All of the data, except its images, should be set down exactly as it appears.

SUPPLIED DATA:
_ _ _ _ _ _ _

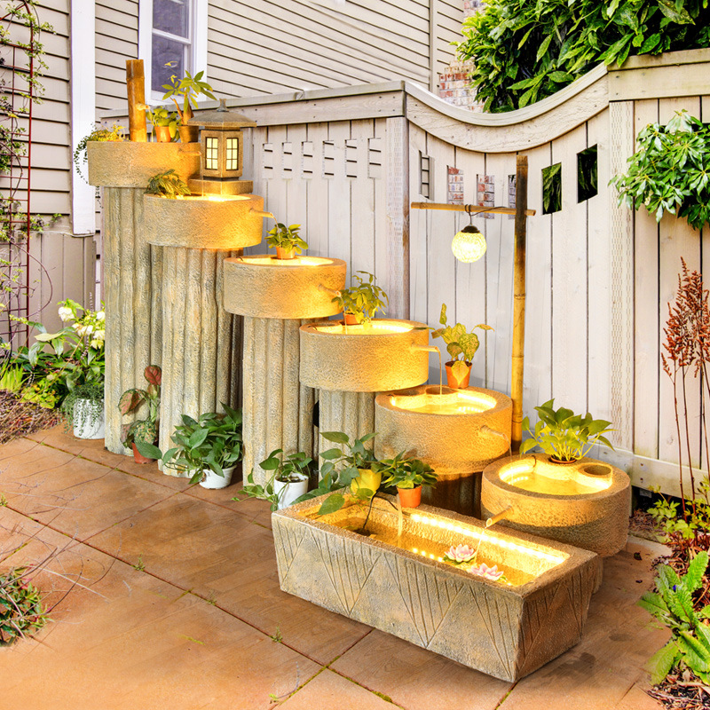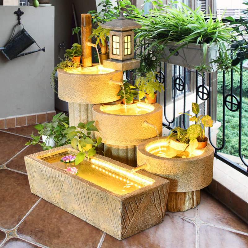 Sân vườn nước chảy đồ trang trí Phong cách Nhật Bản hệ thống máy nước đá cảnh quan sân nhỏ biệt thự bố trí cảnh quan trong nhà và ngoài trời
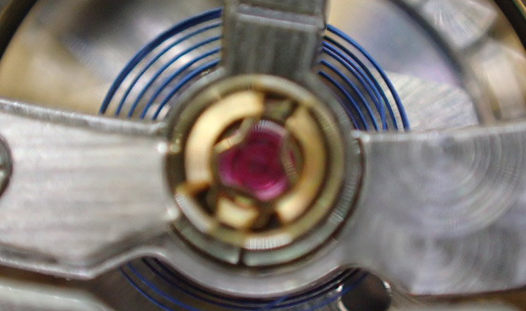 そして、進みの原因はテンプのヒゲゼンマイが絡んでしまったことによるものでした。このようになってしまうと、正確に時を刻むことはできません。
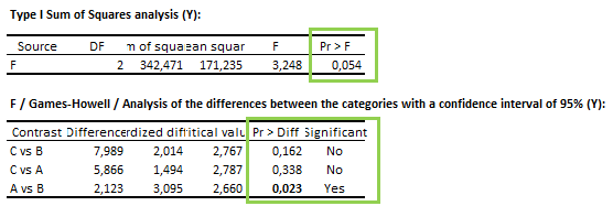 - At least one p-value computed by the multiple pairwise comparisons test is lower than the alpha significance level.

_ _ _ _ _ _ _

EXPECTED ANSWER:
 Sân vườn nước chảy đồ trang trí Phong cách Nhật Bản hệ thống máy nước đá cảnh quan sân nhỏ biệt thự bố trí cảnh quan trong nhà và ngoài trời
 そして、進みの原因はテンプのヒゲゼンマイが絡んでしまったことによるものでした。このようになってしまうと、正確に時を刻むことはできません。
 - At least one p-value computed by the multiple pairwise comparisons test is lower than the alpha significance level.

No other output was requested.